Ese orden que parecía inalterable, como si fuera el designio de un dios, saltó por los aires en mil pedazos cuando de la noche a la mañana apareció ese otro fenómeno, hijo de la época, que bautizamos como ‘el choriceo’.






La Transición hizo mudanzas en nuestro diccionario callejero y nos regaló nuevas palabras para designar un tiempo nuevo, inestable, marrullero y cambiante. En ese lenguaje recién estrenado aprendimos que un tirón no era solo una vulgar contractura muscular, sino una herida moral y a veces física, la que le causaban a la mujer que el tironero de turno le quitaba el bolso o le arrancaba la cadena del cuello.
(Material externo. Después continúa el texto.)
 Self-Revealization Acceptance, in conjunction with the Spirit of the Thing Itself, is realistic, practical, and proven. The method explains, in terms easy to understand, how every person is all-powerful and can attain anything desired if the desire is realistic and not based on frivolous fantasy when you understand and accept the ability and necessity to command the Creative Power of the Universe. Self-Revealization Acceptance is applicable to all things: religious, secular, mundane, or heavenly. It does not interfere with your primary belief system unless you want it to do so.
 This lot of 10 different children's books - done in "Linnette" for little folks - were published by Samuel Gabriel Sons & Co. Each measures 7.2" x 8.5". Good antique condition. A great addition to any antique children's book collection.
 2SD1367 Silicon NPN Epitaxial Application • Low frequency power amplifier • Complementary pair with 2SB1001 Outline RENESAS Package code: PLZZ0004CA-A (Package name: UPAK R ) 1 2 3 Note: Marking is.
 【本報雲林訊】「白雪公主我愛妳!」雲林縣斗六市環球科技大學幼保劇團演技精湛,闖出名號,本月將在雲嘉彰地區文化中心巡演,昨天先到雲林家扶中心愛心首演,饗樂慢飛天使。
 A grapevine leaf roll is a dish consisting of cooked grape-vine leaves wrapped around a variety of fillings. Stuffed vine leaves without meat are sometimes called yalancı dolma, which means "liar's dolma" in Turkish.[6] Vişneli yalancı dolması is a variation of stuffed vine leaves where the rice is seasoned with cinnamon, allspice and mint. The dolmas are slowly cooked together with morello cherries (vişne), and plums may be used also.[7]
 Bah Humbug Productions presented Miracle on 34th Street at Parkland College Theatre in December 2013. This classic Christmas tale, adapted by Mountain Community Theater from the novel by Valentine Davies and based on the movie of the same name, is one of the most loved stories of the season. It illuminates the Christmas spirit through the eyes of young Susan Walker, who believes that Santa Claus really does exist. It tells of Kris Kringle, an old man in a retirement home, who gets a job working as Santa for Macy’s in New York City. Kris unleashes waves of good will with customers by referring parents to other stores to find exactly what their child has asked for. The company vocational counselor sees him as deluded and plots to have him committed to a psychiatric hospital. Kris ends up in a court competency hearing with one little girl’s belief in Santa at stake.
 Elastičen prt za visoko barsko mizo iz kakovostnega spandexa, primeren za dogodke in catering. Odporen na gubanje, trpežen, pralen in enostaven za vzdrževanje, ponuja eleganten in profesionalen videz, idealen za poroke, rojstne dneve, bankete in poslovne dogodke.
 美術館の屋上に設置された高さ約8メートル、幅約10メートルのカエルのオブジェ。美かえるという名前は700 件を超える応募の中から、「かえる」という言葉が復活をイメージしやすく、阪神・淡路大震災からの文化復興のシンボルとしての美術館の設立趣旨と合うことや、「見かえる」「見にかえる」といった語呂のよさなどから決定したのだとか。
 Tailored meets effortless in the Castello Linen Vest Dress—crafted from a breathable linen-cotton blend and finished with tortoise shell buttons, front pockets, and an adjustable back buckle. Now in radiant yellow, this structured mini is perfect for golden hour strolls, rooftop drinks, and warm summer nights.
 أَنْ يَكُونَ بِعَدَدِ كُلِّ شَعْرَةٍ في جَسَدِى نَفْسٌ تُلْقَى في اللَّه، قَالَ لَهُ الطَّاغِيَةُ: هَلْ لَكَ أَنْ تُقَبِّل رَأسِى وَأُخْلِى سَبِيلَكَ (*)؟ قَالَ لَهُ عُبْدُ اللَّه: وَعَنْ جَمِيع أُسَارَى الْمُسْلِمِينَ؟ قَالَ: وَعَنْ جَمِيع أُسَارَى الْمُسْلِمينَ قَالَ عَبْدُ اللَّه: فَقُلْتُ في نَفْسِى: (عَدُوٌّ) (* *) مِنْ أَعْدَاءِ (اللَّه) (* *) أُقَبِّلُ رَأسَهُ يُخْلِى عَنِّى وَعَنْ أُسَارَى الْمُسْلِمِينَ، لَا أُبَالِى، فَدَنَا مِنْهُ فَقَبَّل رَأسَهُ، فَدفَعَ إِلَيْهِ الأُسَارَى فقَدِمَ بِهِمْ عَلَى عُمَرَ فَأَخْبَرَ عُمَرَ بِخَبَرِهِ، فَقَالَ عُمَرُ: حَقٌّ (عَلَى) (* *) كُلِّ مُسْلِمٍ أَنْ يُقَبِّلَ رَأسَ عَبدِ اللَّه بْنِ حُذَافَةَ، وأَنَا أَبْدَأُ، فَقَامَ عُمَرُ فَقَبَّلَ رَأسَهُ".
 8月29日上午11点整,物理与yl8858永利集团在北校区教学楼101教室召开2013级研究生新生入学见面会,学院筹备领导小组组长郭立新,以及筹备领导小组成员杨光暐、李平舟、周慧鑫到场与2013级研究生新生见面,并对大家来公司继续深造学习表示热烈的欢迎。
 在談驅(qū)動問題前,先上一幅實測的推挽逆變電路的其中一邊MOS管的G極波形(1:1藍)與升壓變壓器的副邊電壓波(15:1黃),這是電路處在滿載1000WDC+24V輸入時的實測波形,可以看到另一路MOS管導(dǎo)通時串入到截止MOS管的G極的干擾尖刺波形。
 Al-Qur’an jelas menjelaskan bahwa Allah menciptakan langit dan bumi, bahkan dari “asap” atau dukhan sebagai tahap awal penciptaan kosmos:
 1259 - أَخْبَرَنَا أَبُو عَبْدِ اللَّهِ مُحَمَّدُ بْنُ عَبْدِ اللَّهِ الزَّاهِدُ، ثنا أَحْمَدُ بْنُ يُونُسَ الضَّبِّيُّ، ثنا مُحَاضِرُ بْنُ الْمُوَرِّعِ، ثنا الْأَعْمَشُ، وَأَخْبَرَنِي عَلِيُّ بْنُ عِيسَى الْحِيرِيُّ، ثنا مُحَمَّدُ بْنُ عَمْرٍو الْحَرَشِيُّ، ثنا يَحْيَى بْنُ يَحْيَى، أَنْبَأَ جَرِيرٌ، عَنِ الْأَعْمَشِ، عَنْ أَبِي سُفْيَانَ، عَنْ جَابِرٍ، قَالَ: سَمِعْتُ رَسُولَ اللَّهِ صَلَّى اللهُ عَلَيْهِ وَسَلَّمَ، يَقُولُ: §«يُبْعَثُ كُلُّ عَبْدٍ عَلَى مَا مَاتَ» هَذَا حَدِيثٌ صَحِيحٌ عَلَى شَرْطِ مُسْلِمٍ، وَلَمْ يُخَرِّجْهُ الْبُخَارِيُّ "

Pasamos de acelerarnos cuando escuchábamos a lo lejos el motor de la Ducati de los municipales, a temblar de miedo cuando sonaba el de una motocicleta trucada con dos ‘chorizos’ a bordo.




El lado más oscuro de la Transición nos trajo la palabra pasota, que más o menos venía a darle un nuevo nombre al gandul de toda la vida. Pasar de todo era sentarse en el tranco de los futbolines a fumar y a perder el tiempo o probar ese nuevo placer, el de la droga, que se nos coló hasta la cocina hiriendo de muerte a tantas familias.


Aprendimos que el costo era un tabaco nuevo que te ayudaba a pasar de todo y te invitaba a transitar por ese lado marginal de la sociedad que estaba siempre al borde del precipicio. Aprendimos que colocarse ya no se refería a encontrar un trabajo sino a poner cara de idiota y evadirse del mundo. Los amigos empezaron a llamarse colegas y a la policía la llamaban ‘la pasma’. Cuando un delincuente se te ponía delante con una navaja en la mano no te pedía el reloj, sino que te decía: “Dame el peluco”. Y había que dárselo si no querías poner en riesgo tu vida. Los robos empezaron a ser el pan nuestro de cada día. Los tironeros sembraron las calles de miedo. Asaltaban a pie y motorizados y a veces montados en un coche que cuando pasaba a la altura de la víctima se detenía para cometer el robo.


La Transición no fue una juerga continua, un estado de felicidad permanente. Es verdad que las revoluciones eran necesarias y que no teníamos tiempo de aburrirnos, que de pronto nos sentimos tan libres que algunos se dedicaron a pisotear la libertad del prójimo para realizarse. Es verdad que fuimos progresando, pero no es menos cierto que la inseguridad que nos golpeó como una tormenta nos llenó de inquietudes y a veces nos impidió ser felices.


En el otoño de 1976 llegamos a pensar que Almería empezaba a parecerse al Chicago de los años treinta que veíamos en las películas de cine negro. En una misma madrugada robaron en la tienda de ropa de Beltrán, desvalijaron las máquinas registradoras y las tragaperras del Café Colón, rompieron el escaparate de Viajes Alysol para llevarse hasta los bolígrafos y profanaron las vitrinas de Radiosol en busca de los aparatos musicales.


Aquel que tenía un radio casete instalado en un coche sabía que tarde o temprano acabaría perdiéndolo. Llegaban con una bujía de coche y la estrellaban contra el cristal de la ventanilla para hacer el menor ruido posible. Metían la mano por el agujero, abrían la puerta y se llevaban hasta el cenicero. Había chorizos que no se conformaban con robar dentro del coche y acababan llevándoselo. El drama de la delincuencia nos golpeó a todos y especialmente a las familias de los propios delincuentes. La mayoría de los adolescentes que se metieron a bandoleros en aquel tiempo no lo hacían para ayudar al prójimo ni para llevar un plato de comida a su casa. El motor que empujó a tantas jóvenes a perderse fue la droga, que no solo se los llevó por delante a ellos, sino que arrastró también con sus familiares.


En esa lista interminable de delincuentes locales hubo algunos que pasaron a la historia por su extrema peligrosidad. Todos sabíamos quiénes eran porque en la mayoría de los casos se habían criado con nosotros y habíamos compartido la misma escuela. Hubo casos de bandidos que pasaron de estar jugando a las canicas a robar bolsos por las calles.